At 20ºC and 30ºC the rate of respiration is very low, and doesn’t exceed 0.0625cm3/min. This is because the enzymes didn’t vibrate enough because they didn’t gain much energy for the heat of the water. As the temperature increased, so did the rate of respiration, reaching an average of 0.6250cm3/min at 40ºC. Between 40ºC and 50ºC, the respiration rate increased dramatically, rising from an average of 0.6250cm3/min to 3.2500cm3/min. This is an increase in rate of 2.6250cm3/min. The reason behind this dramatic rise in rate of respiration is because the enzymes and the substrates gained a lot of energy form the heat of the water in the cup. Between 50ºC and 60ºC, there was a drop in the rate of respiration of 0.5000cm3/min. This is because the enzyme and the substrates had too much energy at this temperature, and vibrated too much. This caused the enzyme’s active site to start to denature, and the substrates couldn’t bind as much with the active site.
This data and graph support my prediction, as an optimum temperature has been reached, and there is a clear trend when looking at the graph. It is clear that from looking at the graph that the rate of respiration increases with its temperature. After the optimum temperature is reached, the active site denatures, and the respiration rate of the yeast decreases.
Evaluation
The procedure went well, and all obtained results appear to be accurate, reliable, and support my prediction. This experiment worked well and my aim of discovering how varying the temperature, of a solution of yeast and sucrose, would affect the amount of carbon dioxide produced during a set time period. I believe this experiment to be worthwhile because I now have evidence to support my prediction, and also the background information I gave earlier.

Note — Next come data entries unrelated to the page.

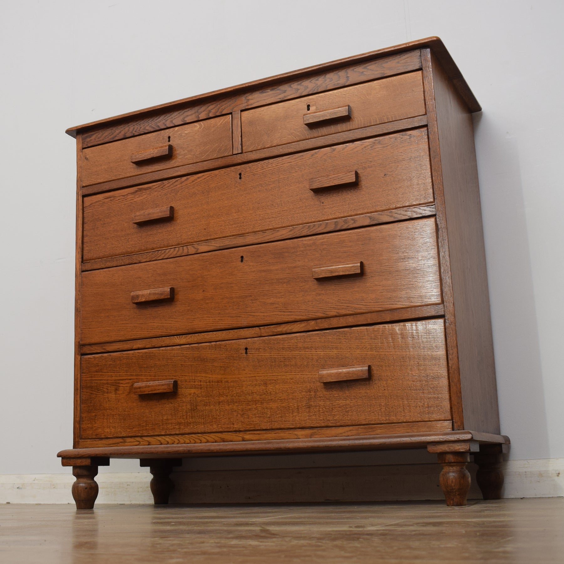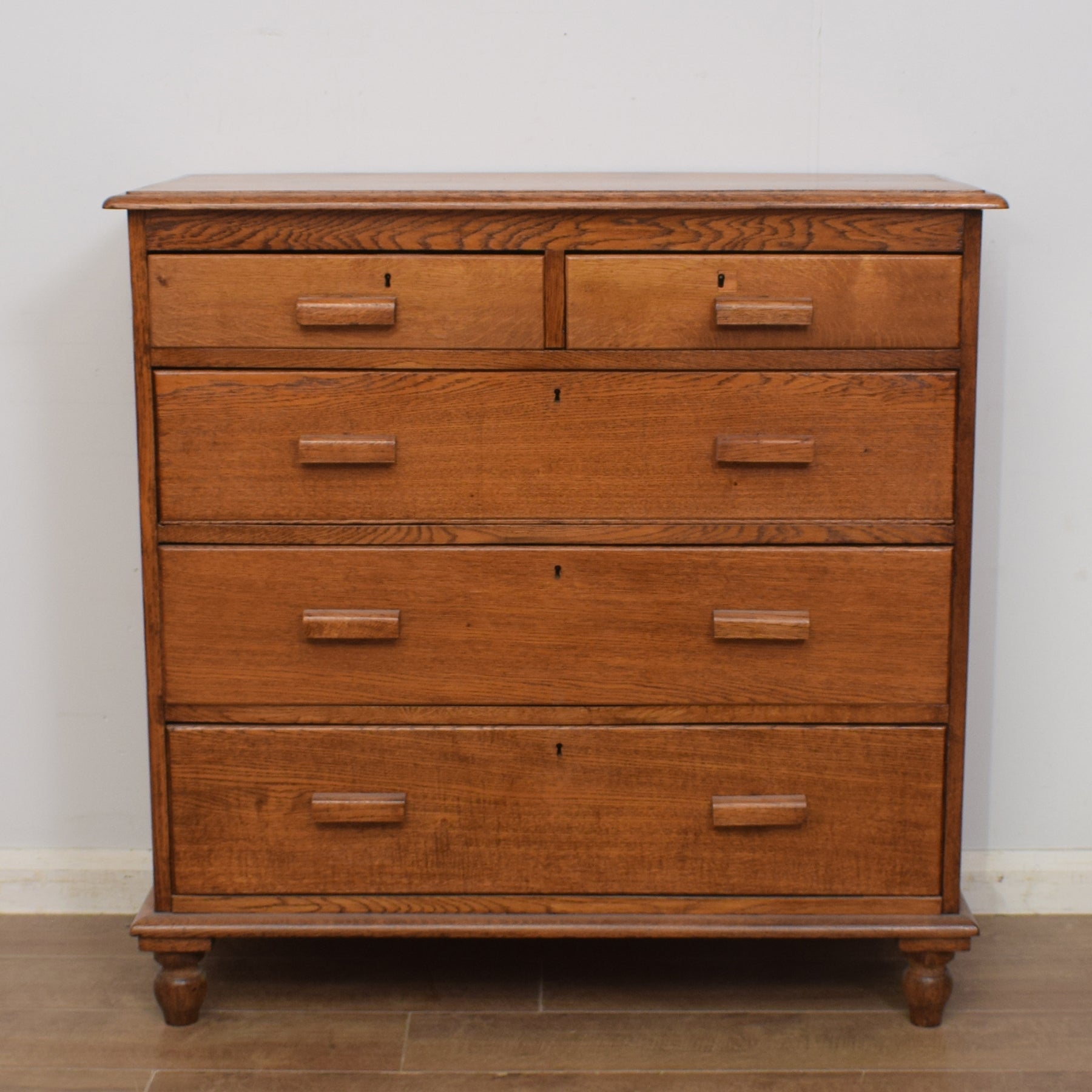 We have lovingly restored this chest of drawers by stripping back by hand the previous darker finish to reveal the natural tones and grain of the wood, before applying several spray coats of a clear lacquer to give an appealing and durable finish. This piece is made from solid oak and solid pine.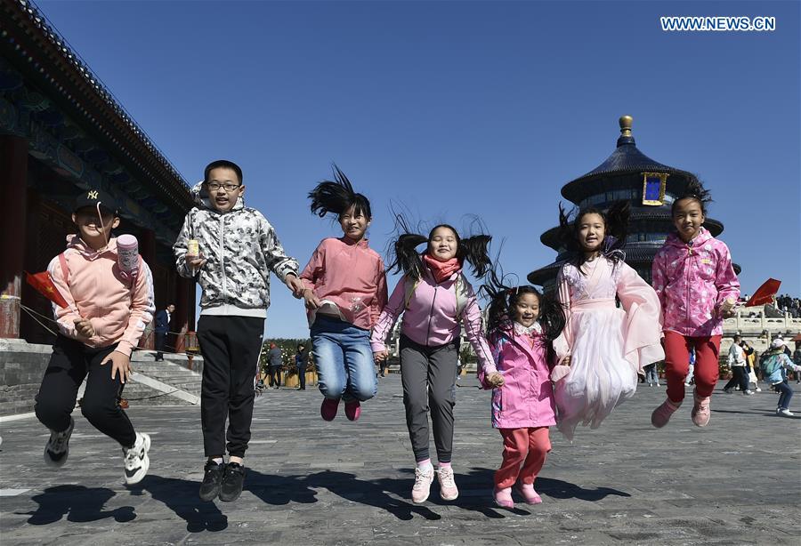 Children jump for a group photo in front of the Temple of Heaven during the National Day and Mid-Autumn Festival holiday in Beijing, capital of China, Oct. 4, 2020. (Xinhua/Lu Peng)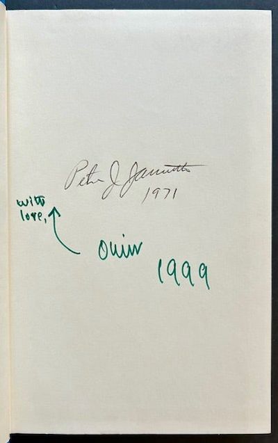 Berkeley. CA: University of California Press, 1970. Cloth. Near Fine/Near Fine. Mrs. Audrey Besterman. INSCRIBED BY OLIVER SACKS TO FELLOW NEUROSURGEON PETER J. JANNETTA on the front free endpaper. A lovely copy to boot of the 1970 stated 1st printing of Oliver Sacks's 1st published book, this scholarly examination of the evoluton of migraines. Clean and Near Fine (with just the faintest touch of light soiling along the top and fore-edges) in a crisp, price-intact ($8.50), Near Fine to Fine dustjacket. All but pristine in its original iteration. The author's first literary output in what would of course evolve into a remarkable career in both the fields of neurology and the history of science. Truly a collector's copy.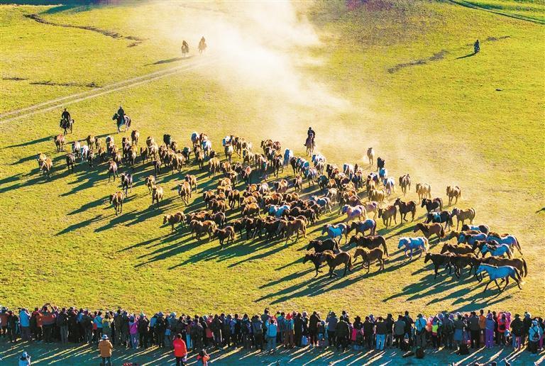9月25日,內(nèi)蒙古自治區(qū)赤峰市克什克騰旗烏蘭布統(tǒng)景區(qū),壯觀的萬馬奔騰表演,吸引了大批游客和攝影愛好者。張連華攝(中經(jīng)視覺)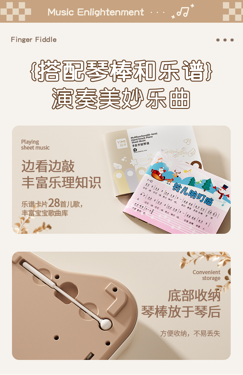 Детский восьмитональный пианино Yimi для игры с ударом, ксилофон, музыкальная игрушка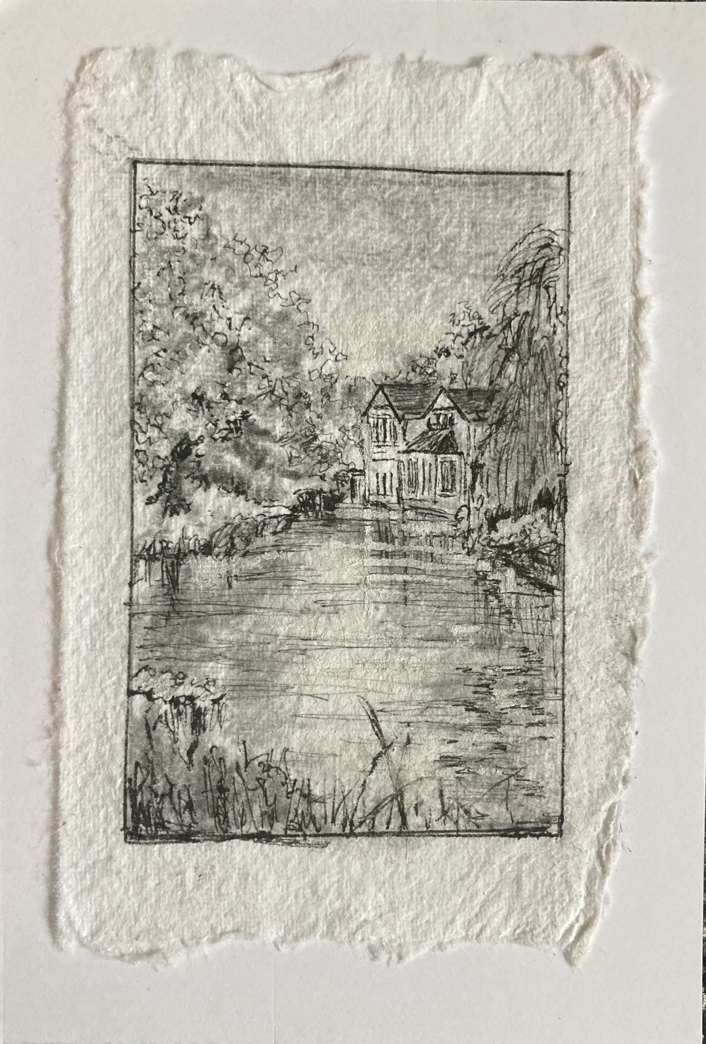 A scene of a house by the river in Denford. It is drawn in graphite, pencil and ink pen on rag paper.

The quality of my evidence is, overall, accurate and also reliable. This is because they follow scientific theory like the ‘lock and key hypothesis’ and the Collision Theory. It followed my prediction that was based on scientific theory. The results follow the expected pattern, which has reaches optimum temperature and then, when it starts to denature, the respiration rate falls. There was one set of anomalous results obtained in this experiment. This was when the temperature was at 30ºC. I believe these results to be anomalous as the do not follow scientific theory. At this temperature, the rate of respiration does not increase from the first set of results, which were at 20ºC. According to the lock and key hypothesis, a rise in temperature should increase the rate of respiration. This is not the case with this set of results. The rest of the results do, however, follow theory.
On the next page there is a table commenting on how the experiment could be improved in order to gain more accurate results, and minimise the risk of anomalies.
The data I’ve collected is sufficient to draw the conclusion that my prediction was correct.